By Gregory Korte
The Cincinnati Enquirer
TV trash king and former Cincinnati Mayor Jerry Springer spent more than $1.1 million of his own money in his aborted campaign for the U.S. Senate, according to records made public by the Senate.
Springer's six-month flirtation with a 2004 run for George V. Voinovich's seat ended Aug. 6, when he announced that polling - now disclosed to cost him $218,580 - convinced him that there had to be "separation" between his show and his re-entry into politics.
But before he bowed out, Springer set up an exploratory committee - required by federal law any time a candidate raises money.

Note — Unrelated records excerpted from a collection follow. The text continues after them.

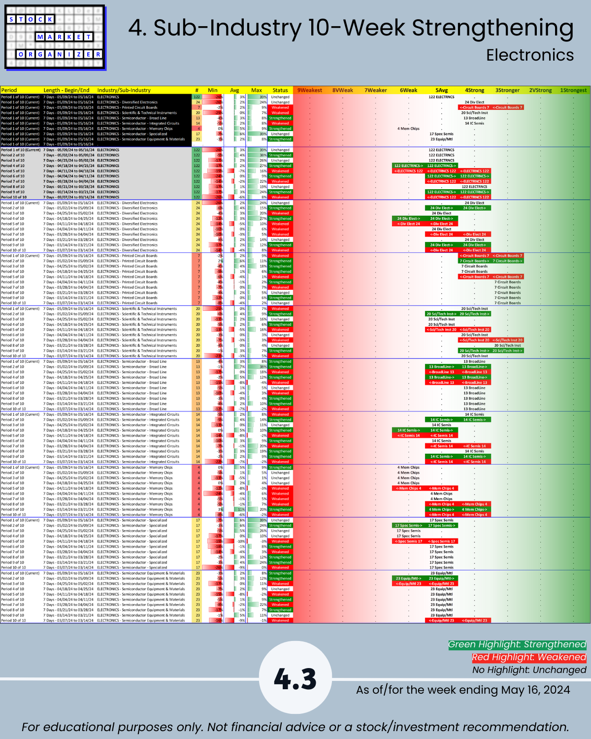 Tech Thursday 5/16/24 – an opinion-free, fat-free, gluten-free chips focus today. (Electronics = semis/chips). Also today, Computer Hardware, Software/Services, Internet, and Telco.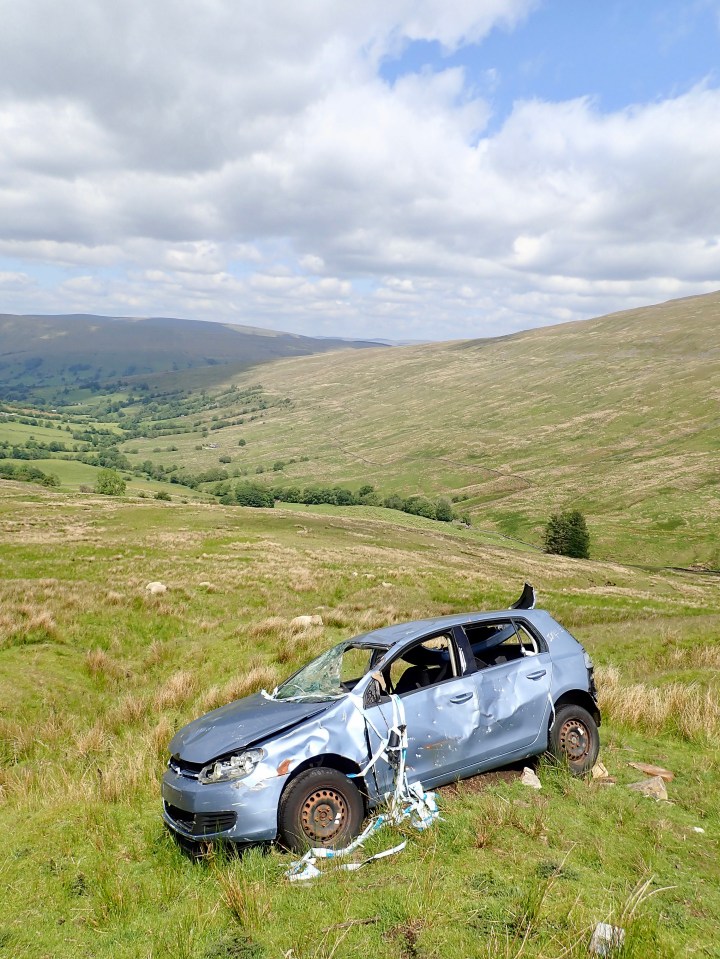 The road I had been following descended steeply into Deepdale for a short distance before taking a sharp turn to the left. It was just after this turn that I reached the footpath I wanted straight on into the dale. As I reached this path, I was amazed to see a wrecked car sitting on the slopes some way below. Its bodywork was bashed up, its windscreen was smashed, and its side windows were gone. Old police tape lay across it. Looking around, I noticed that the section of wire fence at the point where the road turned was newer than the next section of fence. It seemed that this car hadn’t made the turn and had flown off the road. Considering the angle of the slope, it was astonishing that this car had not gone further downhill. I hoped that no one had been too badly hurt in this crash.
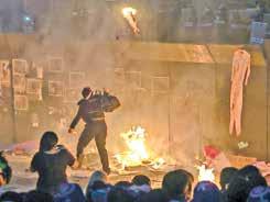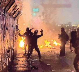 Participantes prendieron fuego a carteles y pancartas frente a las vallas de protección.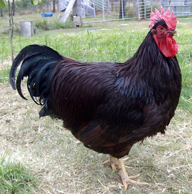 If you have a civilized city flock of hens, you might not have had the pleasure of watching a rooster looking after his girls. Both our roosters pay the hens close attention, they can usually be seen wandering around the yard with at least one or two hens following. Whenever the rooster finds something to eat he has a special cluck to call his ladies over to share the treat. He has another call to warn of danger, and he goes running to any hen that calls out in trouble. One of our roosters used to wait each evening until all his hens were up on the roost before he would jump up to sleep there too. Roosters can be over protective to the point that it can be difficult to collect the eggs without being attacked on entry to the pens. None of ours are that bad at the moment, but we have been attacked a couple of times when we got too close, so it pays to stay a healthy distance in case they get the wrong idea. However, one rooster we had used to play "chicken" with the dog, I could never tell if the rooster was enjoying the game, but Cheryl sure was, they would run at each other and see who turned back first, I think Chez had a few pecks to the nose as a result, but her tail never stopped wagging.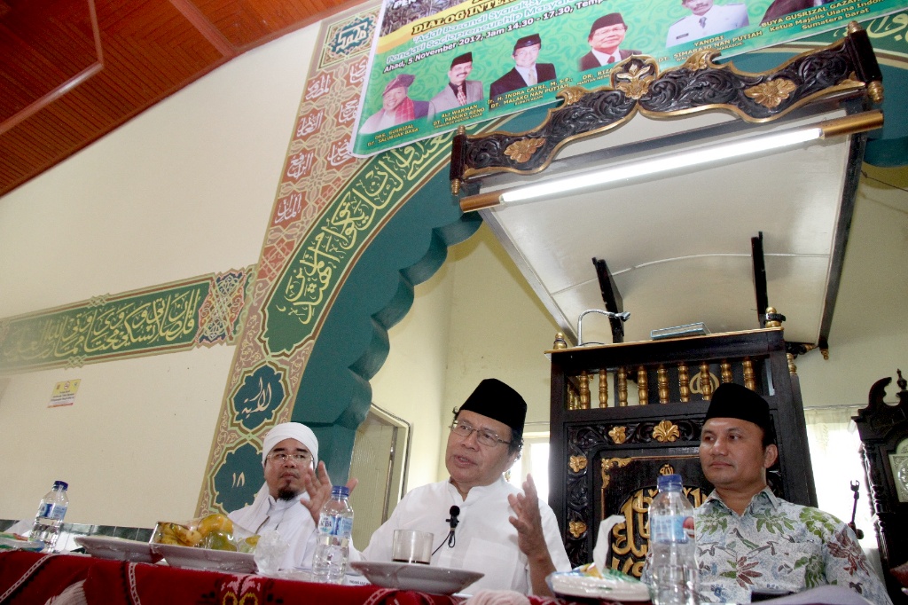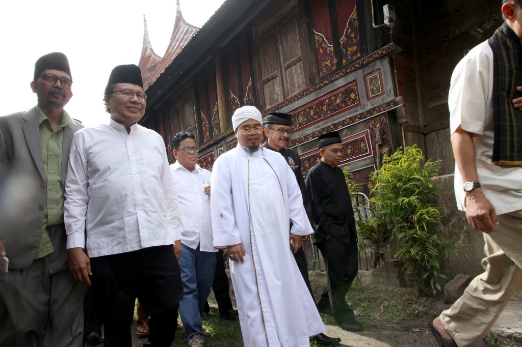 Tokoh Nasional Rizal Ramli (dua dari kiri) didampingi Ketua MUI Sumatera Barat Buya Gus Gazahar (dua dari kanan) saat melakukan kunjungan dan dialog bersama masyarakat Simarasok, Kabupaten Baso Agam, Sumatra Barat, Minggu (5/11). Pertemuan yang dihadiri oleh masyarakat dan ratusan Wali Nagari, Rizal Ramli mengatakan masyarakat Minang adalah masyarakat yang berani, demokratis dan mandiri, ia berharap kebangkitan ekonomi Indonesia yang lebih baik akan berawal dari Sumatera Barat. AKTUAL/HO

Campaign Treasurer Timothy M. Burke, the chairman of the Hamilton County Democratic Party, filed the campaign's first report with the secretary of the Senate earlier this month.
The reports released last week show that the campaign was almost entirely funded by Springer from the beginning, with his first expenditure Jan. 22. He raised just $12,437 in private contributions - mostly through a Web site and a 30-minute infomercial - but returned them after he bowed out.
Among the expenditures:
$489,317 on consultants. Former mayoral chief of staff Mike Ford, now a political consultant in Annapolis, Md., headed the list at $152,055. Dale Butland, a former press secretary to retired Sen. John Glenn, received $66,938. Columbus consultant Brian Usher received $22,500.
Cincinnati talk radio host Jene Galvin, a longtime Springer chum who served as his one-man entourage for much of the exploratory campaign, was paid $27,271.
$421,568 on the 30-minute infomercial that hawked T-shirts and bumper stickers along with the idea of a Springer candidacy.
$130,208 on travel, crisscrossing the state from March through July to attend county Democratic Party dinners. The money was paid to reimburse the partnership that owns Springer's Beech jet.
$64,238 on the Web site, runjerryrun.com.
$10,178 on opposition research. Joe Sinsheimer of Raleigh, N.C., got the job.